Announcing the 2014-2015 Post-Doctoral Fellows

The Library Company is pleased to announce the seven recipients of National Endowment for the Humanities (NEH), Program in African American History (PAAH) Mellon Scholars, and Program in Early American Economy and Society (PEAES) post-doctoral fellows for 2014-2015.

PAAH Mellon Fellow Kabria Baumgartner is an Assistant Professor of History at the College of Wooster. She will examine the Library Company’s collection of friendship albums and schoolbooks used by young African American women as she writes her book, In Pursuit of Knowledge: African American Women and Educational Activism in America's Republic.

NEH Fellow Randy M. Browne is an Assistant Professor of History at Xavier University. During the fall 2014 semester, he will use the Library Company’s collection of rare Caribbean travel narratives and memoirs and printed materials on British abolitionism to transform his dissertation “Surviving Slavery: Politics, Power, and Authority in the British Caribbean, 1807–1834” into a book.

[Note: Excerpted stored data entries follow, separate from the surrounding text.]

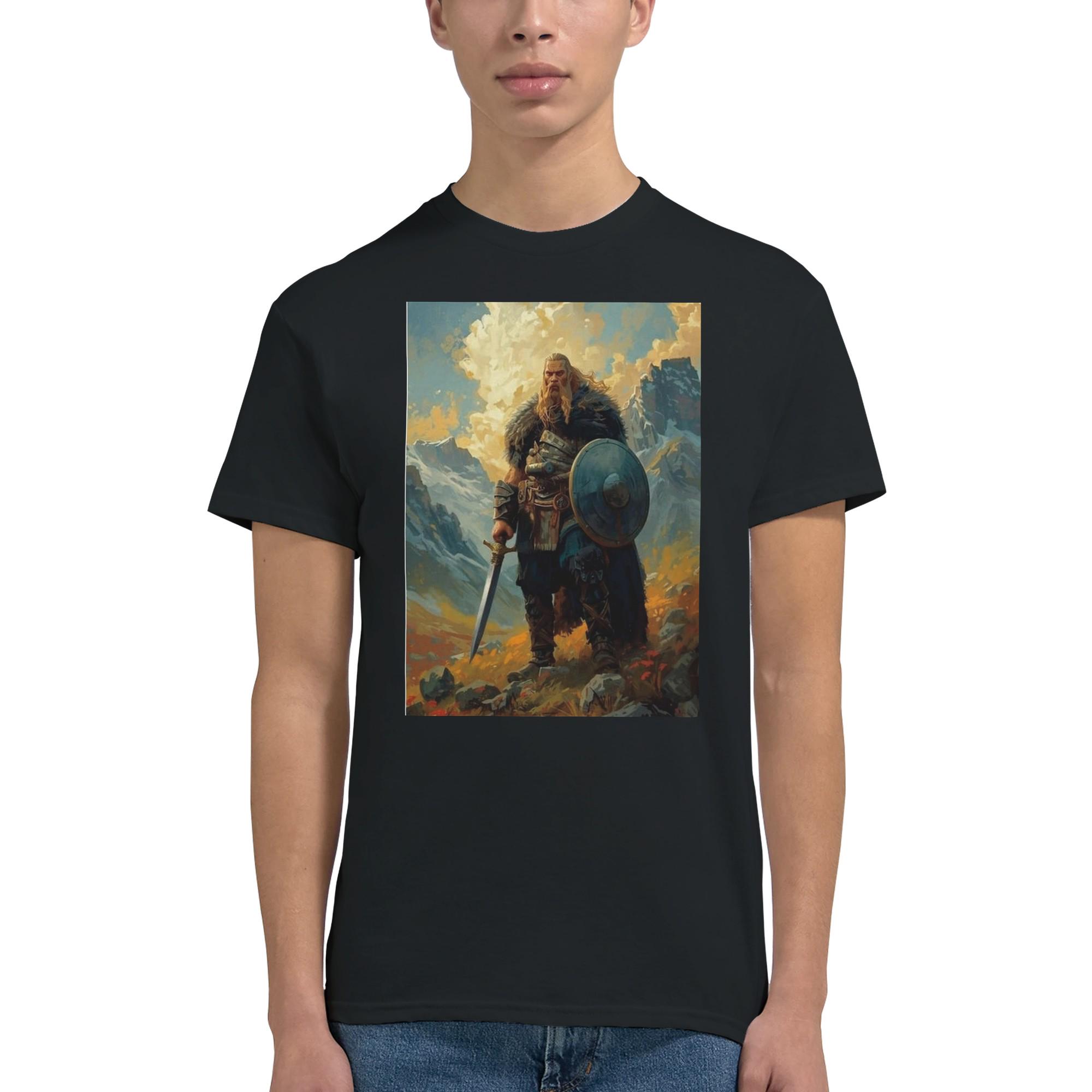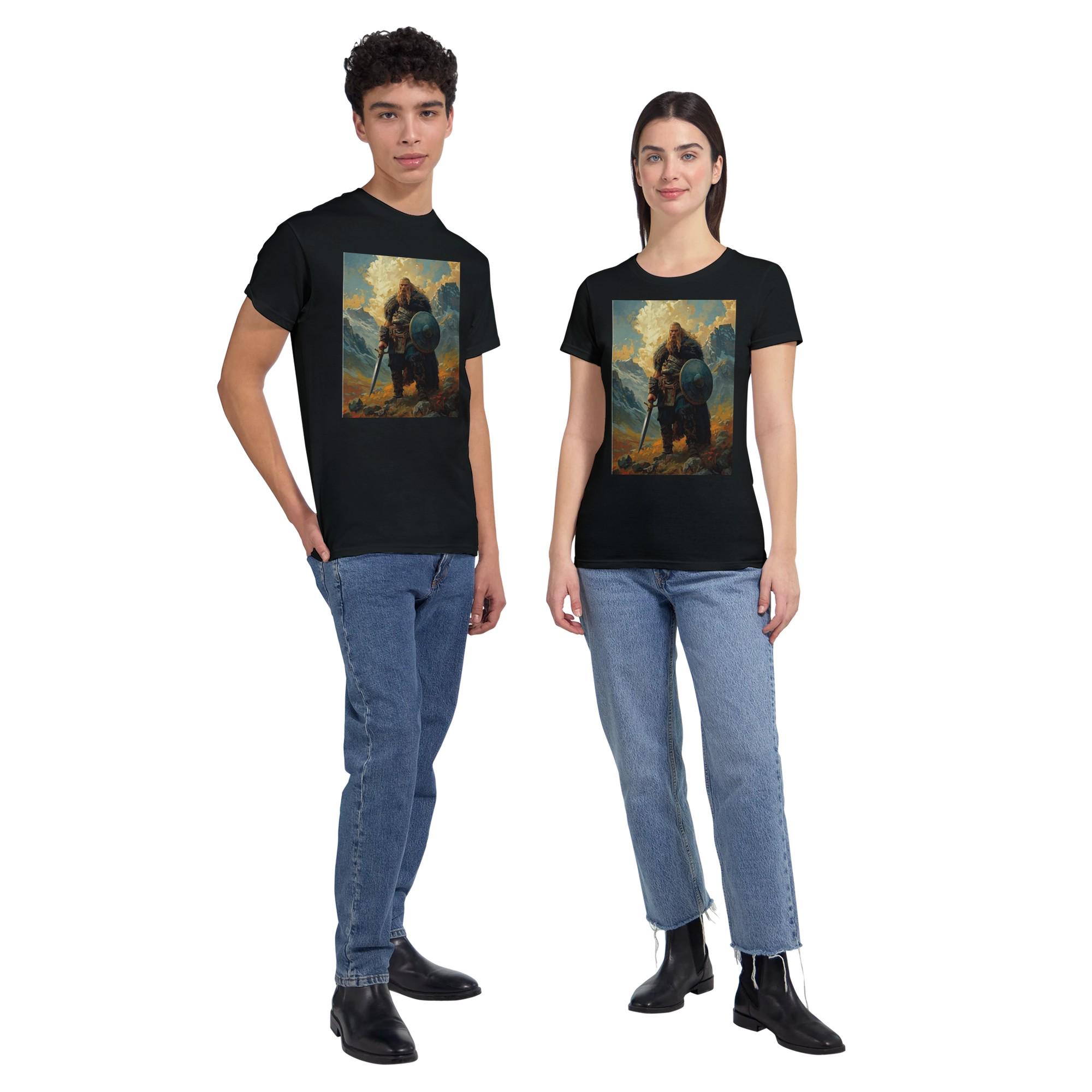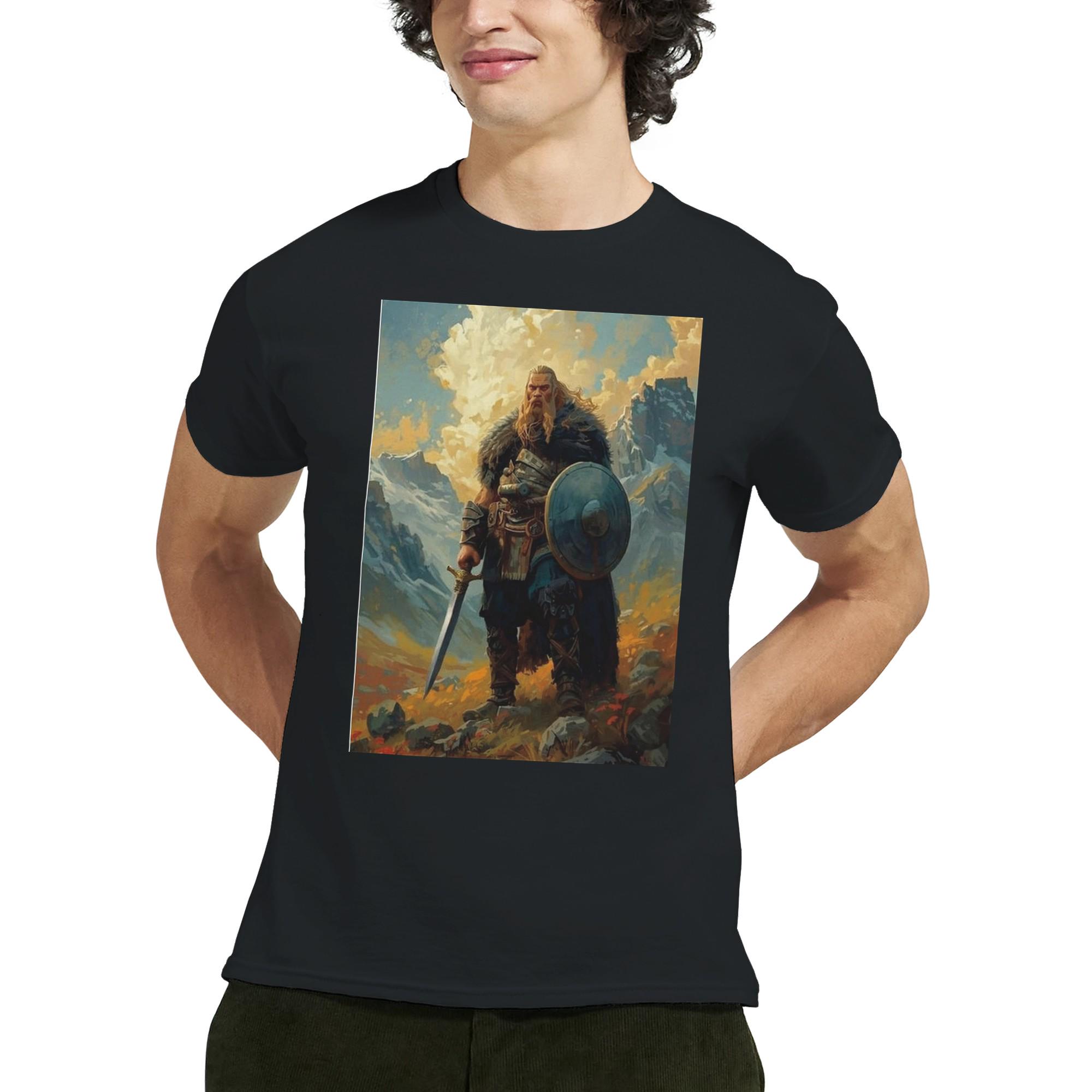 Step into the wild with our stunning 'Viking in the Wilderness' t-shirt, an homage to Norse mythology and the spirit of adventure. This heavyweight cotton t-shirt combines a classic fit with an incredible design that showcases a fearless Viking standing majestically among nature, evoking the mystery and magic of Norse spirits.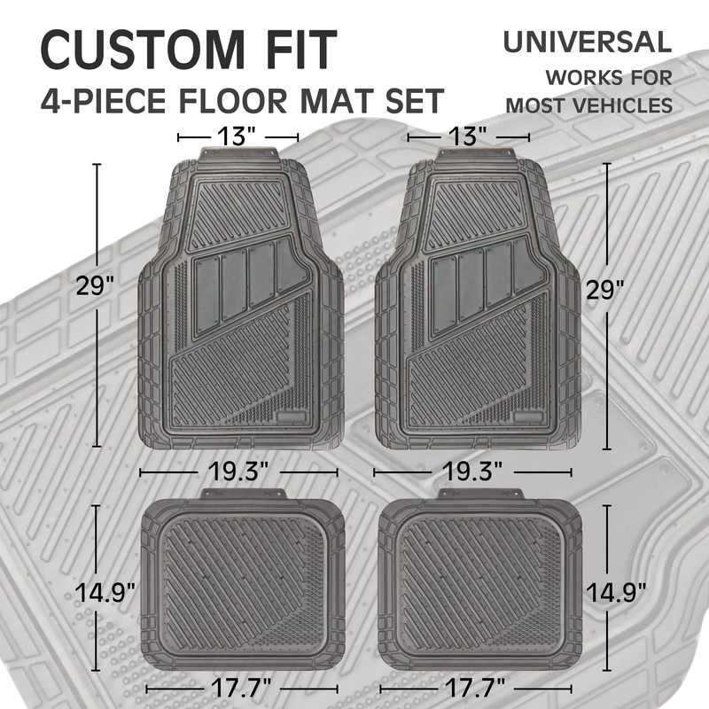 - All Weather Protection: This four piece set of all season rubber floor mats protect your truck's floors from dirt and debris; this car mats design holds water, snow, mud, and road salt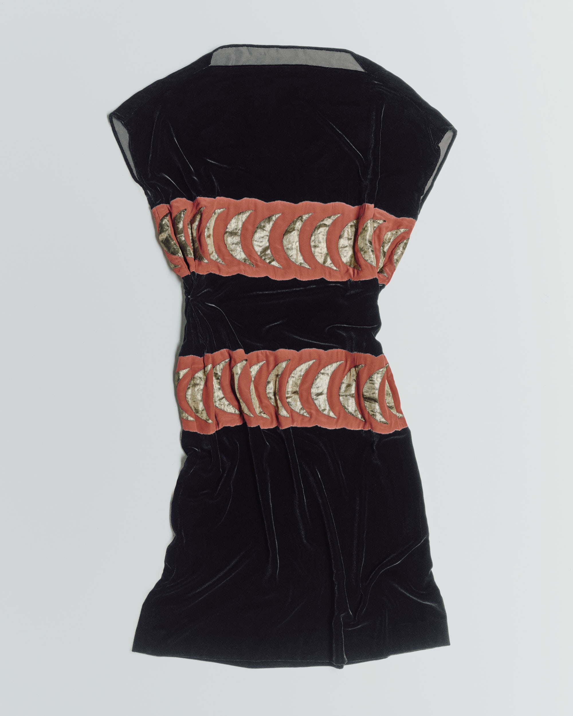Bands on scalloped coral crêpe de Chine arc across the surface like astral ribbons, while lamé crescents glint with quiet, devotional insistence. Byzantine in their iconography, surreal in their logic, these motifs anticipate Schiaparelli’s symbolic couture by nearly a decade.

PEAES Fellow Manuel Covo earned his Ph.D. in History at the École des Hautes Études en Sciences Sociales. He hopes to transform his dissertation “Trade, Empire, and Revolutions in the Atlantic World: Saint-Domingue, between the Metropole and the United States (1778-1804)” into a book. He plans to study the political economy of the early Republic with material such as the literature surrounding the Jay Treaty controversy unavailable in his native France.

NEH Fellow Benjamin Fagan is an Assistant Professor of English and African & African-American Studies at the University of Arkansas. When he arrives at the Library Company in Spring 2015, he will continue work on his book manuscript “The Black Newspaper and the Chosen Nation,” which considers the ways in which antebellum black Americans used the newspaper to aid liberation efforts and to express their belief that they were God’s chosen people.

PAAH Mellon Fellow Aston Gonzales is a Ph.D. Candidate in History at University of Michigan. His dissertation “Designing Humanity: African American Activist Art, 1830-1880” examines African American artists’ work that challenged the racial stereotypes depicted in popular culture.

NEH and PEAES Fellow Brian Luskey is an Associate Professor of History at West Virginia University. He will use his year at the Library Company to work on his book Rich Man’s War, Poor Man’s Fight: The Cultural Economy of the American Civil War. He plans to look at Civil War ephemera such as business trade cards, recruitment posters, and sheet music, and Civil War era newspapers, periodicals, and pamphlets that chronicle wartime debates about political economy.

NEH Fellow Nicholas P. Wood is an Adjunct Professor of History at the University of Virginia. He hopes to expand on his dissertation “Considerations of Humanity and Expediency: The Slave Trades and African Colonization in the Early National Antislavery Movement,” which examines the ways in which abolitionists and black activists created a national agenda to end slavery.